- Assigned task -
Find the line that contains "나와 비슷한 점이 많은". Copy it and every line after it to the end of the material below, exactly, with no pictures.

- Material provided -
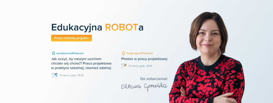 Zapisy na wydarzenia: za pośrednictwem strony https://edukacyjnarobota.photon.education lub bezpośrednio na Clickmeetingu: https://photoneducation.clickmeeting.com .
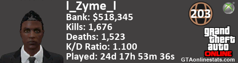 [URL=http://GTAonlinestats.com/showplayer/l_Zyme_l][IMG]http://GTAonlinestats.com/signature/l_Zyme_l/sig.png[/IMG][/URL]
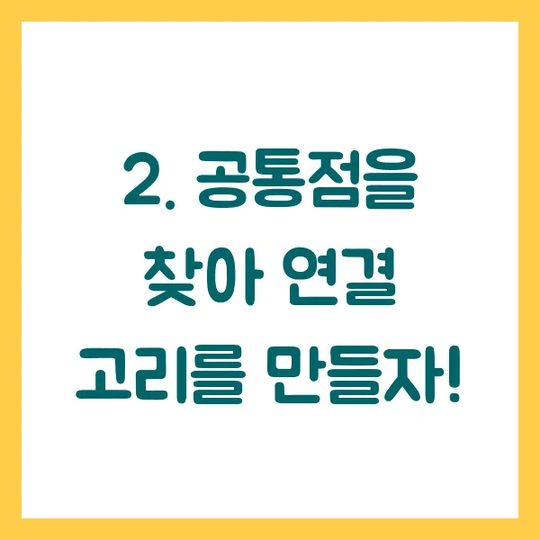 나와 비슷한 점이 많은 친구를 찾는 것은 친구 사귀기의 지름길! 같은 반 친구들의 이야기에 귀 기울여 보세요. 좋아하는 아이돌, 즐겨보는 영화, 취미 생활, 좋아하는 음식, 싫어하는 과목 등 공통 관심사를 발견하면 대화를 시작하기도 쉽고, 금세 친해질 수 있답니다. 수업 시간에 발표를 잘하는 친구에게 "발표 정말 잘하던데, 혹시 스피치 학원 다녀?" 와 같이 질문을 던져 공통 관심사를 찾아보는 것도 좋은 방법입니다. 점심시간이나 쉬는 시간에 친구들이 무슨 이야기를 하는지 잘 들어보고, 자신과 비슷한 관심사를 가진 친구가 있다면 먼저 다가가 대화를 시도해 보세요.
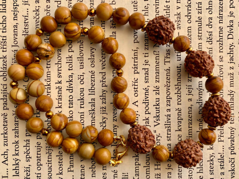 Náhrdelník z rudrakši a jaspisu pro propojení s vesmírem a zdravý život. Délka cca 42 cm.

- Task solution -
 나와 비슷한 점이 많은 친구를 찾는 것은 친구 사귀기의 지름길! 같은 반 친구들의 이야기에 귀 기울여 보세요. 좋아하는 아이돌, 즐겨보는 영화, 취미 생활, 좋아하는 음식, 싫어하는 과목 등 공통 관심사를 발견하면 대화를 시작하기도 쉽고, 금세 친해질 수 있답니다. 수업 시간에 발표를 잘하는 친구에게 "발표 정말 잘하던데, 혹시 스피치 학원 다녀?" 와 같이 질문을 던져 공통 관심사를 찾아보는 것도 좋은 방법입니다. 점심시간이나 쉬는 시간에 친구들이 무슨 이야기를 하는지 잘 들어보고, 자신과 비슷한 관심사를 가진 친구가 있다면 먼저 다가가 대화를 시도해 보세요.
 Náhrdelník z rudrakši a jaspisu pro propojení s vesmírem a zdravý život. Délka cca 42 cm.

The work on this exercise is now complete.